Dupilumab development program
Dupilumab is being jointly developed by Sanofi and Regeneron under a global collaboration agreement. To date, dupilumab has been studied across more than 60 clinical studies involving more than 10,000 patients with various chronic diseases driven in part by type 2 inflammation.
In addition to the currently approved indications, Sanofi and Regeneron are studying dupilumab in a broad range of diseases driven by type 2 inflammation or other allergic processes in phase 3 studies, including chronic pruritus of unknown origin, bullous pemphigoid, and lichen simplex chronicus. These potential uses of dupilumab are currently under clinical investigation, and the safety and efficacy in these conditions have not been fully evaluated by any regulatory authority.
About Regeneron
Regeneron (NASDAQ: REGN) is a leading biotechnology company that invents, develops and commercializes life-transforming medicines for people with serious diseases. Founded and led by physician-scientists, our unique ability to repeatedly and consistently translate science into medicine has led to numerous approved treatments and product candidates in development, most of which were homegrown in our laboratories. Our medicines and pipeline are designed to help patients with eye diseases, allergic and inflammatory diseases, cancer, cardiovascular and metabolic diseases, neurological diseases, hematologic conditions, infectious diseases, and rare diseases.
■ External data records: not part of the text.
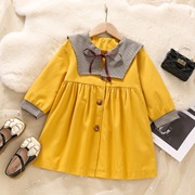 77113女童春秋款格子大翻领风衣春季新款儿童女宝宝春洋气外风衣
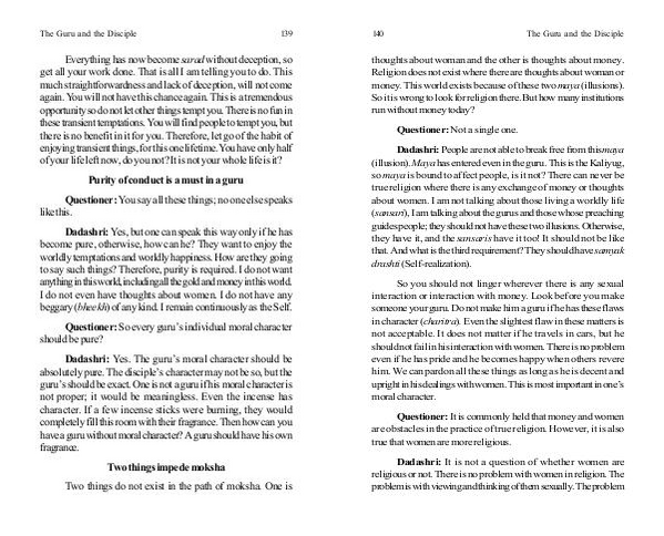 So you should not linger wherever there is any sexual interaction or interaction with money. Look before you make someone your guru. Do not make him a guru if he has these flaws in character( charitra). Even the slightest flaw in these matters is not acceptable. It does not matter if he travels in cars, but he should not fail in his interaction with women. There is no problem even if he has pride and he becomes happy when others revere him. We can pardon all these things as long as he is decent and upright in his dealings with women. This is most important in one’ s moral character.
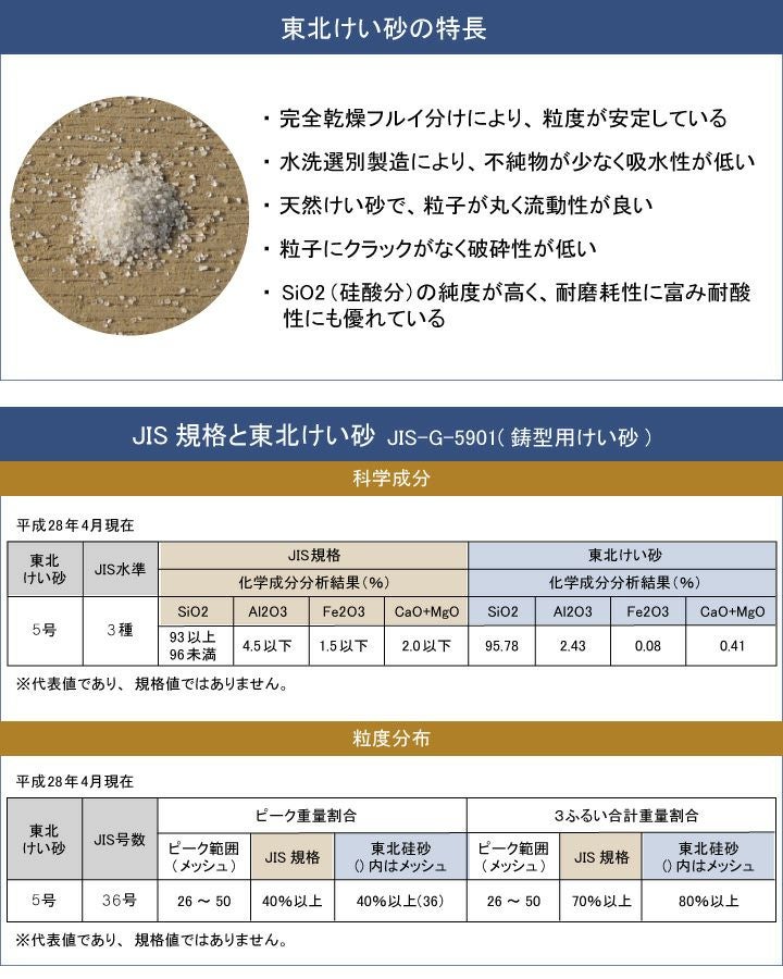 山形県産のけい砂は、川砂や海砂等に比べ雑石(ざっせき)が少なく、粒形が丸いので、踏圧(踏まれたりすること)による粉砕(ふんさい)が少ないという利点があります。このため、強風や使用時における砂ぼこりが発生しません。
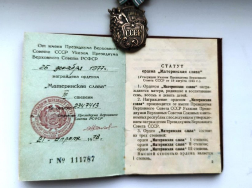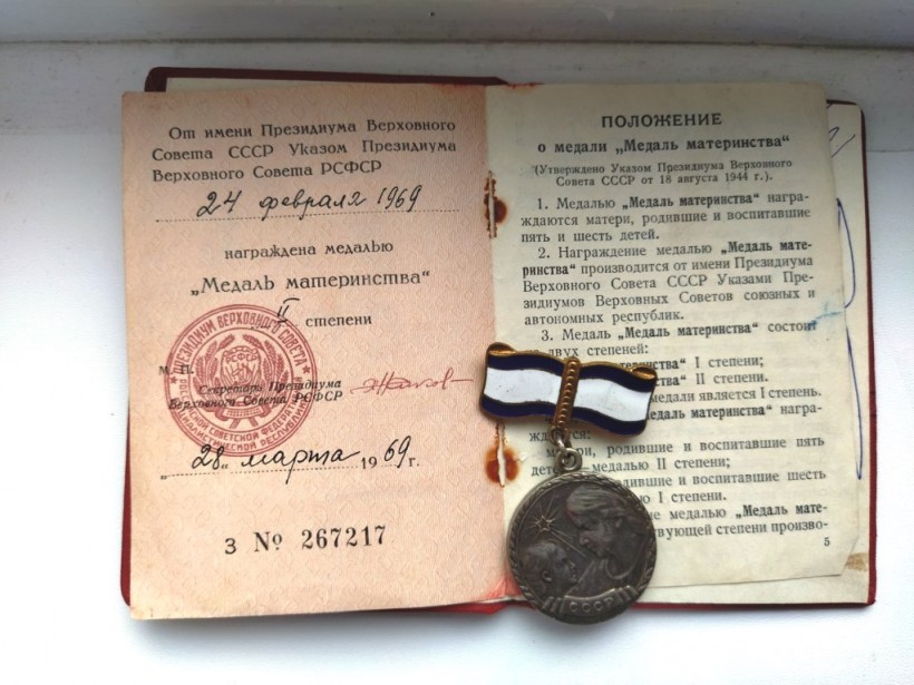 Наша мама – Татьяна Николаевна Енова (Шульгина) от имени Президиума Верховного Совета СССР, Указом Президиума Верховного Совета РСФСР за материнский труд награждена «Медалью материнства» I степени, «Медалью материнства» II степени, орденом «Материнская слава» III степени, памятной медалью «Дети войны». За свой добросовестный труд в рыбной отрасли имела почётные звания: Ветеран труда Ямало-Ненецкого автономного округа и Ветеран труда Российской Федерации.

Regeneron pushes the boundaries of scientific discovery and accelerates drug development using our proprietary technologies, such as VelociSuite®, which produces optimized fully human antibodies and new classes of bispecific antibodies. We are shaping the next frontier of medicine with data-powered insights from the Regeneron Genetics Center® and pioneering genetic medicine platforms, enabling us to identify innovative targets and complementary approaches to potentially treat or cure diseases.
About Sanofi
Sanofi is an R&D driven, AI-powered biopharma company committed to improving people’s lives and delivering compelling growth. We apply our deep understanding of the immune system to invent medicines and vaccines that treat and protect millions of people around the world, with an innovative pipeline that could benefit millions more. Our team is guided by one purpose: we chase the miracles of science to improve people’s lives; this inspires us to drive progress and deliver positive impact for our people and the communities we serve, by addressing the most urgent healthcare, environmental, and societal challenges of our time.
1 Statistically significant.
2Nominally significant as the endpoint was not included in the multiplicity adjustment hierarchy.